Gegen 22 Uhr neigt sich in Batschkapp Frankfurt ein in vielerlei Hinsicht wundersamer Abend zu Ende. „22 Uhr“, werden hier schon einige fragen, „da spielt doch normalerweise erst der Headliner!“ - aber nicht an diesem Konzertabend. Aber fangen wir einmal ganz von vorne an.

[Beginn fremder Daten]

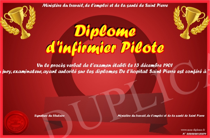 Envoyez par email votre Diplome d'infirmier Pilote personalisé
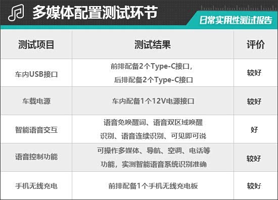 经过实测,评测车能够识别并完成除“打开车窗/打开主驾车窗/打开天窗”之外的指令,语音识别准确,反应速度较快。此外,评测车还支持语音免唤醒词、语音双区域唤醒识别、语音连续识别、可见即可说,便利性表现不错。
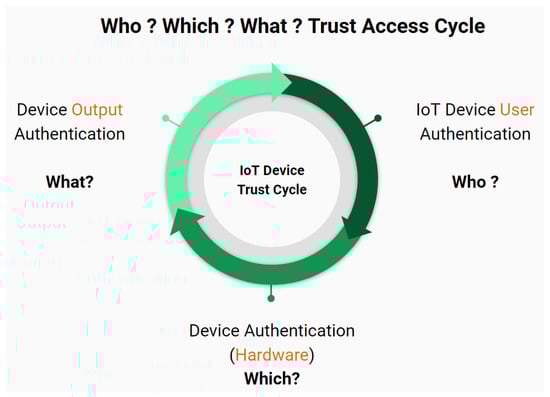 The identity relates to the user component, while the IoT device and network relate to the hardware component. Finally, the application workload and transaction context relate to the output component.
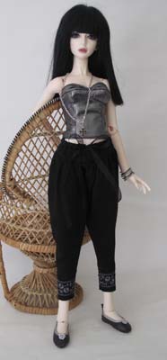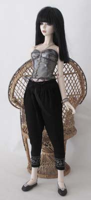 Sylvia, my Iplehouse SD is wearing a metallic bustier, with bra style top. The bustier is fastened in the back with snaps.
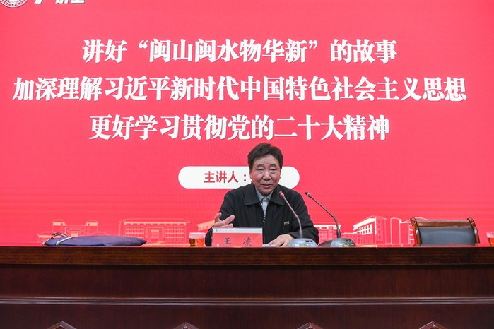 会上,王凌以“福建是习近平新时代中国特色社会主义思想的重要孕育地和实践地”为切入点,阐述了学习《闽山闽水物华新——习近平福建足迹》的重要性,以横纵结合、提纲挈领的导读方式,对全书十六个章节作了解读,阐述了党的二十大报告中提及的习近平新时代中国特色社会主义思想的最新成果。通过一个个生动事例,王凌带领师生深入感受习近平总书记在福建工作期间的实践探索与理念创新,让师生对习近平总书记为福建改革开放和现代化建设做出的具有前瞻性、开创性、战略性贡献,对习近平总书记心系人民、情暖民心的赤诚情怀,有了更加深切地领悟和理解,生动诠释与体会党的二十大报告中“六个必须坚持”的要义:人民至上,自信自立,守正创新,问题导向,系统观念,胸怀天下。王凌强调,学通弄懂悟透党的二十大精神的根本方法是读原著、学原文、悟原理,应结合自身工作经历,深化对习近平新时代中国特色社会主义思想的理论逻辑、历史逻辑、实践逻辑的理解把握,为谱写社会主义现代化强国的福建篇章做出应有的贡献。
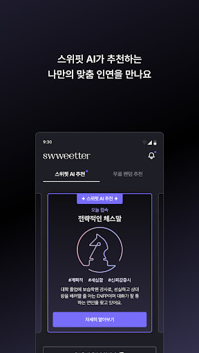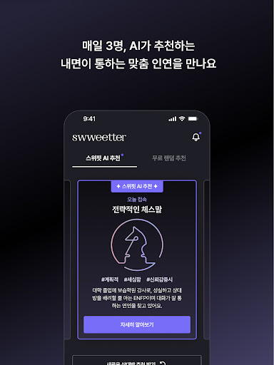 모든 인연의 시작은 하나의 실에서부터 시작돼요. 우리는 AI캐릭터 ‘스위핏’과의 대화로 알게된 당신의 성격, 경험을 토대로 한 가닥 한 가닥 정성스럽게 실을 엮어 하나의 멋진 이야기로 만들어요. 당신의 이야기로부터 시작된 실은 수 많은 인연들의 이야기를 만나며, 마침내 하나의 인연의 실로 맺어지는 경험을 선사 할 거에요. 이 엮임의 끝이 스웨터처럼 따뜻하고 달콤할 수 있도록 스위터가 함께할게요. 스위터 홈페이지: https://swweetter.ai 스위터 인스타그램: @swweetter.ai 문의사항: aboutmeeting.official@gmail.com
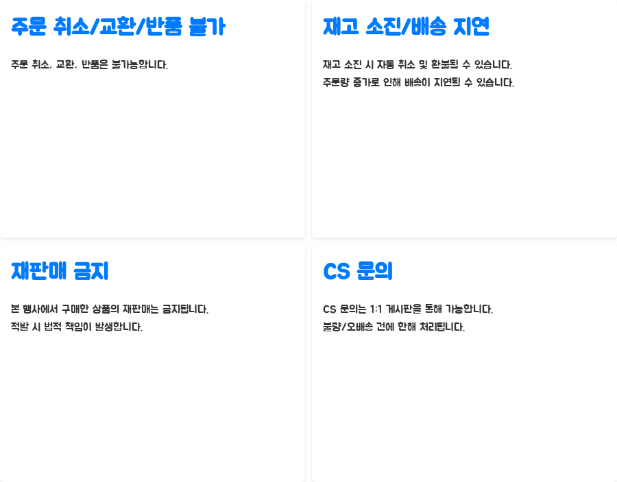 CS 문의는 1:1 게시판을 통해서만 가능하며, 불량이나 오배송 건에 한해서만 처리됩니다.
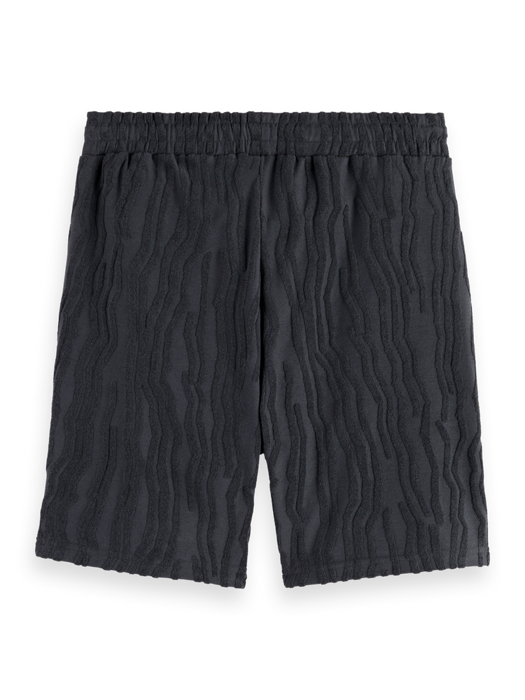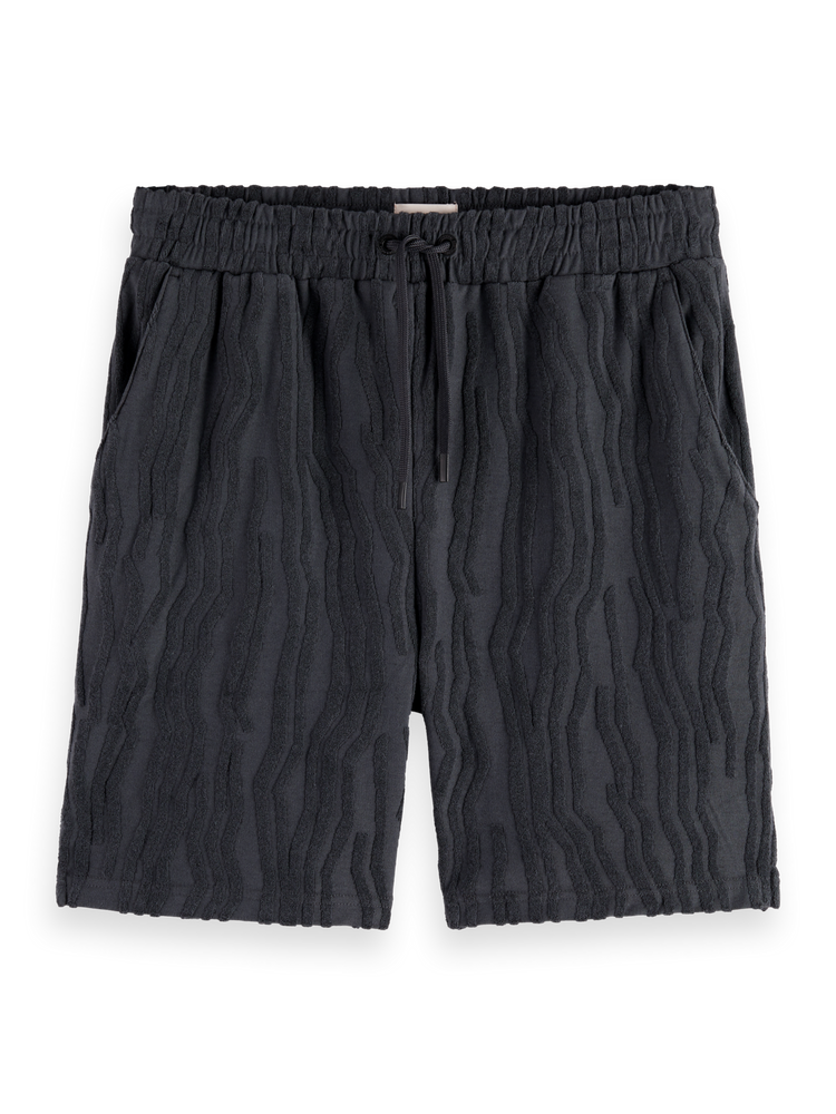 Step into summer comfort with the Cotton Terry Jacquard Shorts, ideal for lounging or casual outings, featuring a stylish jacquard pattern.
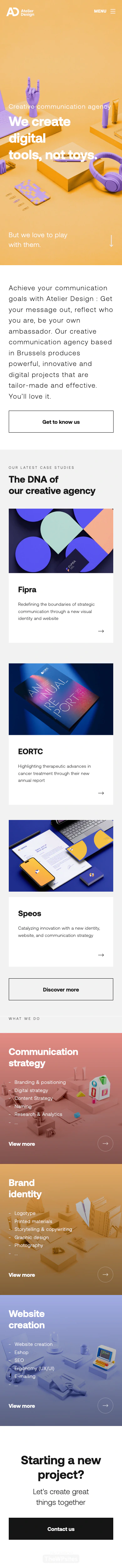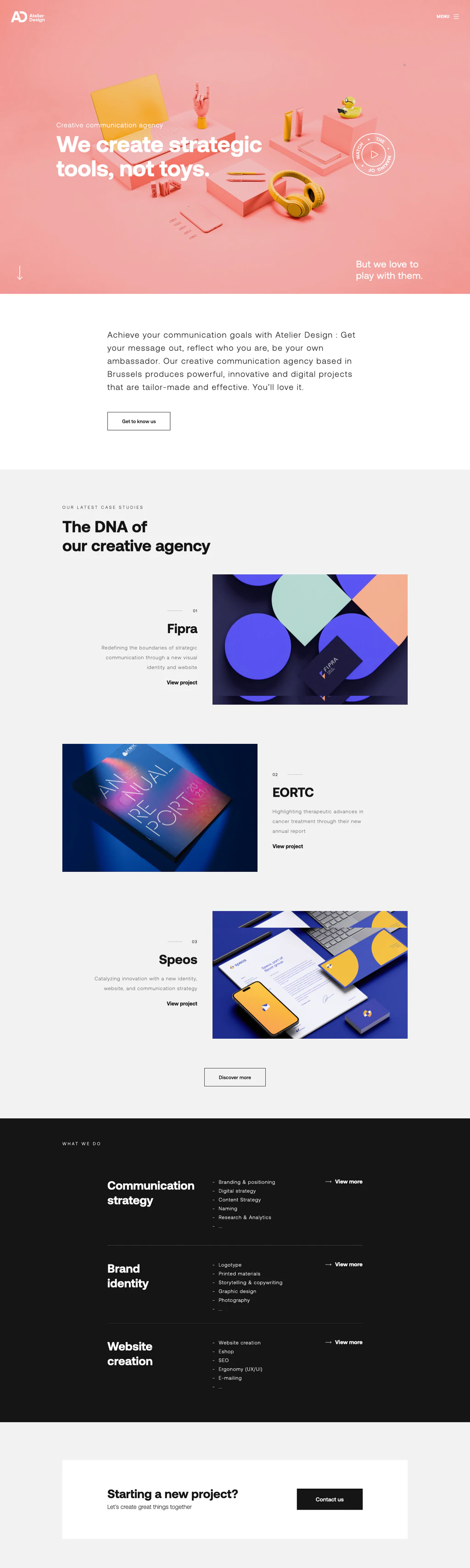 The website showcases some of Atelier Design’s past work with clients like Fipra, EORTC, and Speos. If you’re interested in working with Atelier Design, you can contact them via email or phone.
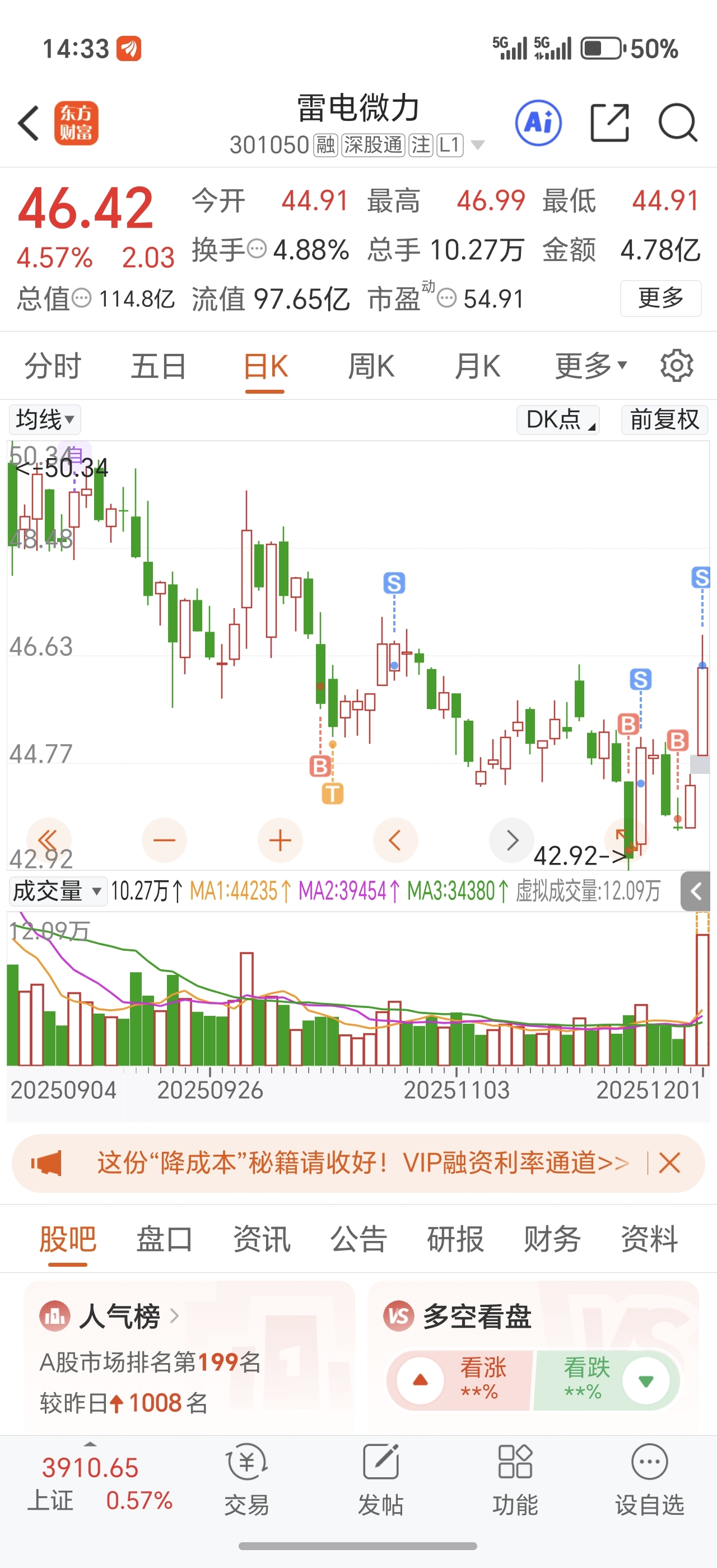 $雷电微力(SZ301050)$ 我是没格局的小菜鸡

Die Batschkapp ist sehr gut gefüllt, als die Finnen von SWALLOW THE SUN pünktlich um 19.25h die Bühne betreten. Mit einem Mix aus altem und neuerem Material ihres aktuellen Albums „The Emerald Forest And The Blackbird“ versuchen die sechs Jungs das Publikum von sich zu überzeugen. Ein Hauptproblem bei diesem Vorhaben ist jedoch, dass die Gitarren heute Abend viel zu leise sind und so oftmals vom Keyboard übertönt werden, welches sich eigentlich eher im Hintergrund befinden sollte. Als zweites Problem entpuppt sich im Laufe des Auftritts Sänger Mikkos Stimme, die gerade in den eher ruhigeren Passagen und Liedern wie „This Cut Is The Deepest“ etwas drucklos daherkommt. Hier hätte eines seiner Bandmitglieder aushelfen können. Neben diesen Aspekten spielen SWALLOW THE SUN ein leidenschaftliches Set, können mit neueren Songs wie „Hate, Lead The Way“ genauso punkten wie mit dem abschließenden Bandgassenhauer „Swallow (Horror Pt.1)“. Man merkt der Band ihre Bühnenroutine an, alles ist perfekt abgestimmt und greift ineinander! Es wird Zeit, dass die Sechs auch mal eine Headliner-Tour spielen, um neben dem Titeltrack des aktuellen Albums auch einmal andere überlange Songs in die Setlist zu packen!
Danach macht sich das Erstaunen breit, als nicht wie auf dem Tourplakat angekündigt die Norweger VREID, sondern direkt PARADISE LOST die Bühne betreten. Mit dem „Icon“-Klassiker „Widow“ starten die Engländer überraschend in ihr Set, wissen dabei aber das gesamte Publikum auf ihrer Seite. Im Laufe des Auftritts fokussiert man sich auch nicht auf das im April erschienene „Tragic Idol“, sondern serviert Lieder aus jeder Periode. Das einzige Werk, dass PARADISE LOST aussparen, ist das noch immer kontrovers diskutierte „Host“. Schade ist auch, dass sie das starke 2010er „Faith Divides Us, Death Unites Us“ nur mit dem gleichnamigen Titel bedenken. Der Stimmung in der Batschkapp tut dies jedoch keinen Abbruch. Das Publikum nimmt alle Songs gut auf und weist auch bei den neuen Liedern Textsicherheit vor. Vor allem „In This We Dwell“ kann hier in den Ring geführt werden.
Die Band ist gut aufgelegt und serviert den Zuhörern alte wie neue Songs ohne Probleme. Nur einmal, im „Shades Of God“-Stück „Pity The Sadness“ schlägt die Technik Mastermind Greg Mackintosh ein Schnippchen. Die Gitarre fällt gegen Ende dieses Lieds aus und die Band ist gezwungen es abzubrechen. Der guten Atomsphäre tut dies jedoch keinen Abbruch. Nach einem Zugabenblock von vier Liedern und dem abschließenden „Say Just Words“ verabschieden die Briten die Zuschauer in den verregneten Frankfurter Abend – von Nacht möchte man um 22 Uhr noch nicht sprechen. Dieser Umstand ist wohl so zu erklären, dass schon um 23 Uhr die reguläre Wochenende-Disco in der Batschkapp beginnt.
Manch einem wird die PARADISE LOST-Spielzeit von knapp eineinviertel Stunden etwas zu kurz gewesen sein, die meisten Besucher verlassen die Batschkapp jedoch mit einem zufriedenen Lächeln. Es gab schließlich zwei Bands zu sehen, die ihr Handwerk verstehen und das Publikum mitzureißen vermochten.